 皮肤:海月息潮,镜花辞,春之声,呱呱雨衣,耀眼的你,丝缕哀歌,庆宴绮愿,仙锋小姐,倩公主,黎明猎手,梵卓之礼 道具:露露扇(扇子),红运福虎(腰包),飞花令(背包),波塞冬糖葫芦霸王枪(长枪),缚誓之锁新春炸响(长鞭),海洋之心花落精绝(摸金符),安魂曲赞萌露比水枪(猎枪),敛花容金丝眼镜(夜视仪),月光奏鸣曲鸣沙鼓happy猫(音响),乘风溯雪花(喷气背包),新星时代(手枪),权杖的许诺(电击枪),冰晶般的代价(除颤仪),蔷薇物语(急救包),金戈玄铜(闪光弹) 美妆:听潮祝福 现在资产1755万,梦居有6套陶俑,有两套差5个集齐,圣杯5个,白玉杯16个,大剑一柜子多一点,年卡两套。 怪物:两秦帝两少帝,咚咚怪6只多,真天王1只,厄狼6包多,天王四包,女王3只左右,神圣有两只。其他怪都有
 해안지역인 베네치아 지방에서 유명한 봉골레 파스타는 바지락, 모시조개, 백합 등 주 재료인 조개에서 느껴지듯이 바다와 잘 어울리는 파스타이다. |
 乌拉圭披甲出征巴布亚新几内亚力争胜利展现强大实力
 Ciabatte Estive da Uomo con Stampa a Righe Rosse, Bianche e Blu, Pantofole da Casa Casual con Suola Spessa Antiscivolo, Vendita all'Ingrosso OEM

WHAT TO DO: Restate every line of the data word for word.

RESULT FOR THIS TASK:
 皮肤:海月息潮,镜花辞,春之声,呱呱雨衣,耀眼的你,丝缕哀歌,庆宴绮愿,仙锋小姐,倩公主,黎明猎手,梵卓之礼 道具:露露扇(扇子),红运福虎(腰包),飞花令(背包),波塞冬糖葫芦霸王枪(长枪),缚誓之锁新春炸响(长鞭),海洋之心花落精绝(摸金符),安魂曲赞萌露比水枪(猎枪),敛花容金丝眼镜(夜视仪),月光奏鸣曲鸣沙鼓happy猫(音响),乘风溯雪花(喷气背包),新星时代(手枪),权杖的许诺(电击枪),冰晶般的代价(除颤仪),蔷薇物语(急救包),金戈玄铜(闪光弹) 美妆:听潮祝福 现在资产1755万,梦居有6套陶俑,有两套差5个集齐,圣杯5个,白玉杯16个,大剑一柜子多一点,年卡两套。 怪物:两秦帝两少帝,咚咚怪6只多,真天王1只,厄狼6包多,天王四包,女王3只左右,神圣有两只。其他怪都有
 해안지역인 베네치아 지방에서 유명한 봉골레 파스타는 바지락, 모시조개, 백합 등 주 재료인 조개에서 느껴지듯이 바다와 잘 어울리는 파스타이다. |
 乌拉圭披甲出征巴布亚新几内亚力争胜利展现强大实力
 Ciabatte Estive da Uomo con Stampa a Righe Rosse, Bianche e Blu, Pantofole da Casa Casual con Suola Spessa Antiscivolo, Vendita all'Ingrosso OEM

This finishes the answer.